Data ▸
++++

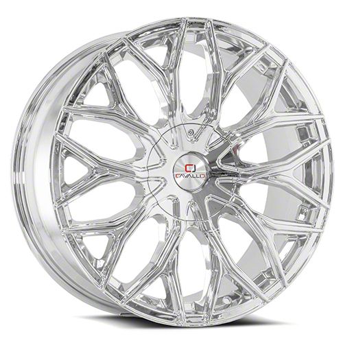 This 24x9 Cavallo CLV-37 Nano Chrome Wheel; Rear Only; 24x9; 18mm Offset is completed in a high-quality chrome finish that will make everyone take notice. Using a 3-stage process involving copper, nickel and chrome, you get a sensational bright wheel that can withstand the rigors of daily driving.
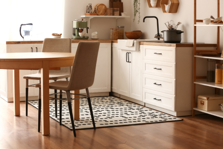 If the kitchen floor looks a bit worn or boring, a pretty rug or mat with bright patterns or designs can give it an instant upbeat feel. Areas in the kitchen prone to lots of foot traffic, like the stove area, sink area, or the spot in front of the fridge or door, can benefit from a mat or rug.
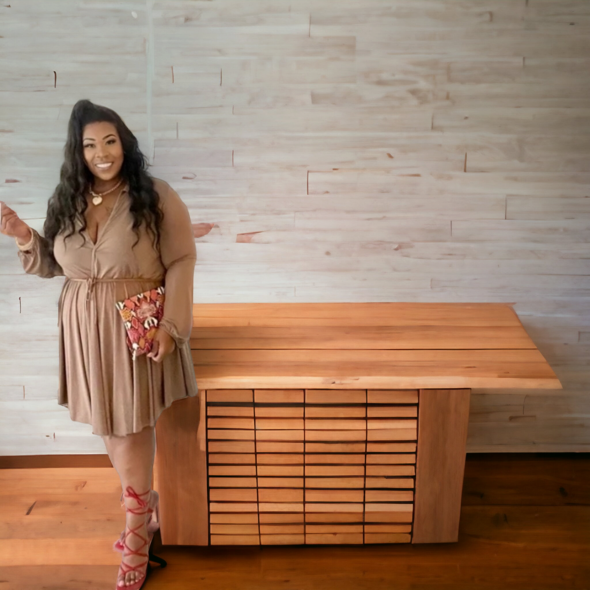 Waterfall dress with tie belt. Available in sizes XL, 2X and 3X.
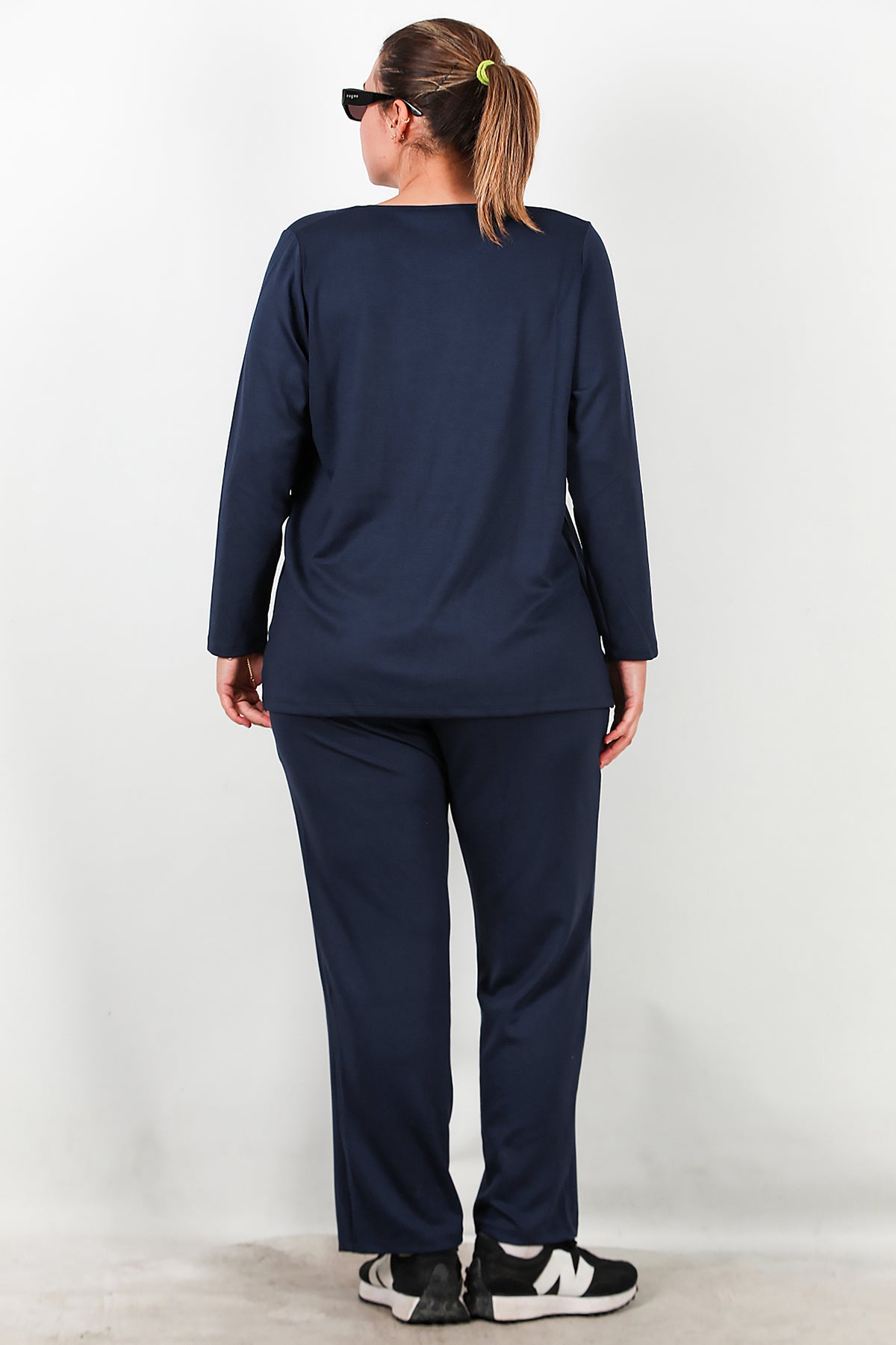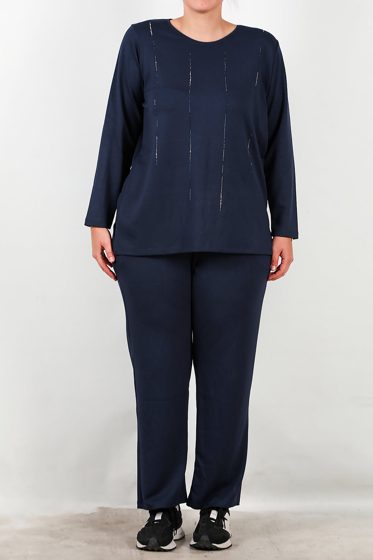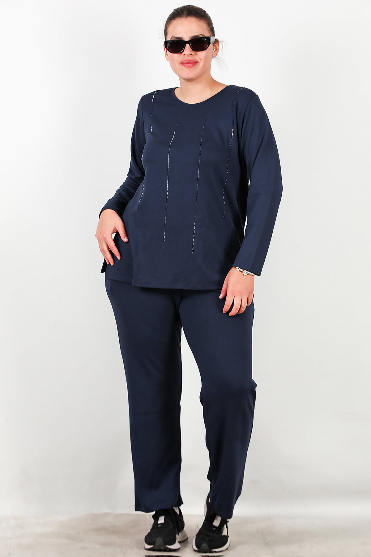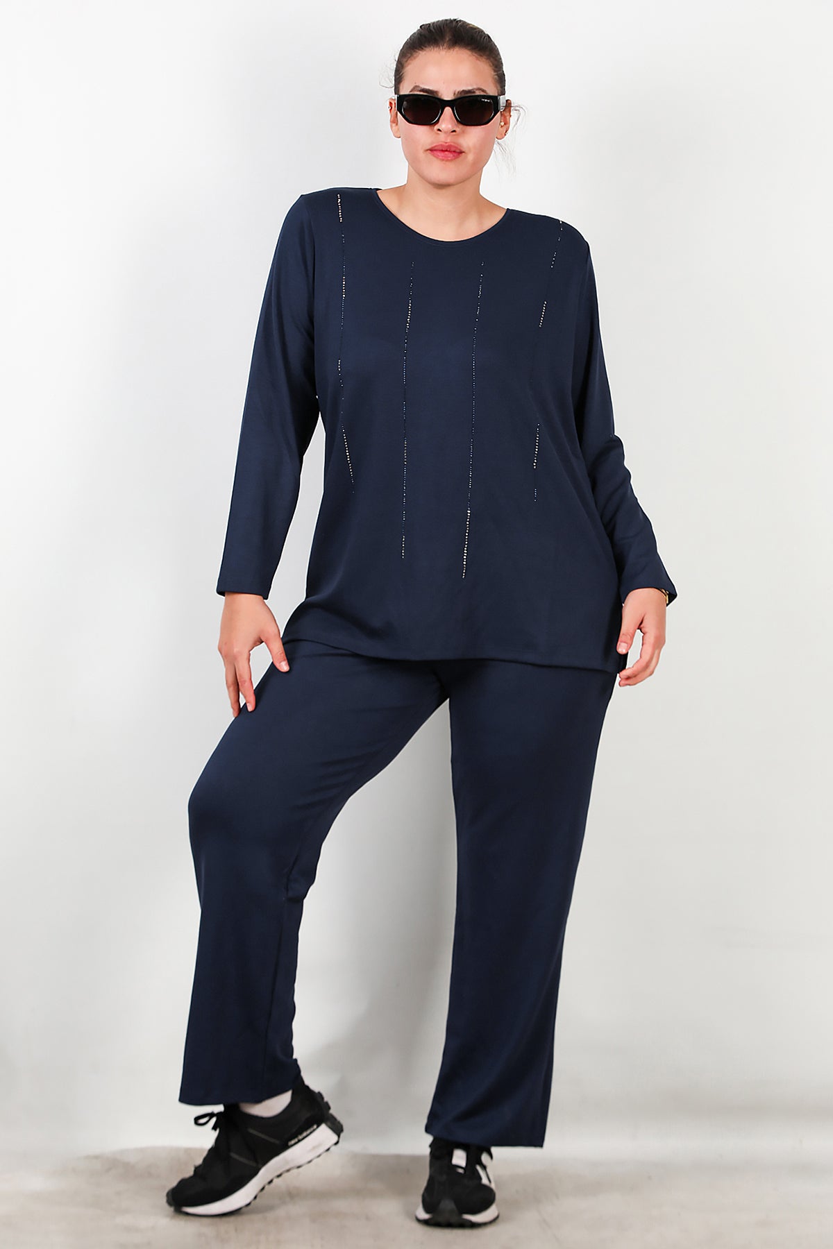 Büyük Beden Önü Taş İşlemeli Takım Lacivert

++++

Requirement ▸
What you hand back should match the listing exactly, except that no pictures appear.

Response to this task ▸
 This 24x9 Cavallo CLV-37 Nano Chrome Wheel; Rear Only; 24x9; 18mm Offset is completed in a high-quality chrome finish that will make everyone take notice. Using a 3-stage process involving copper, nickel and chrome, you get a sensational bright wheel that can withstand the rigors of daily driving.
 If the kitchen floor looks a bit worn or boring, a pretty rug or mat with bright patterns or designs can give it an instant upbeat feel. Areas in the kitchen prone to lots of foot traffic, like the stove area, sink area, or the spot in front of the fridge or door, can benefit from a mat or rug.
 Waterfall dress with tie belt. Available in sizes XL, 2X and 3X.
 Büyük Beden Önü Taş İşlemeli Takım Lacivert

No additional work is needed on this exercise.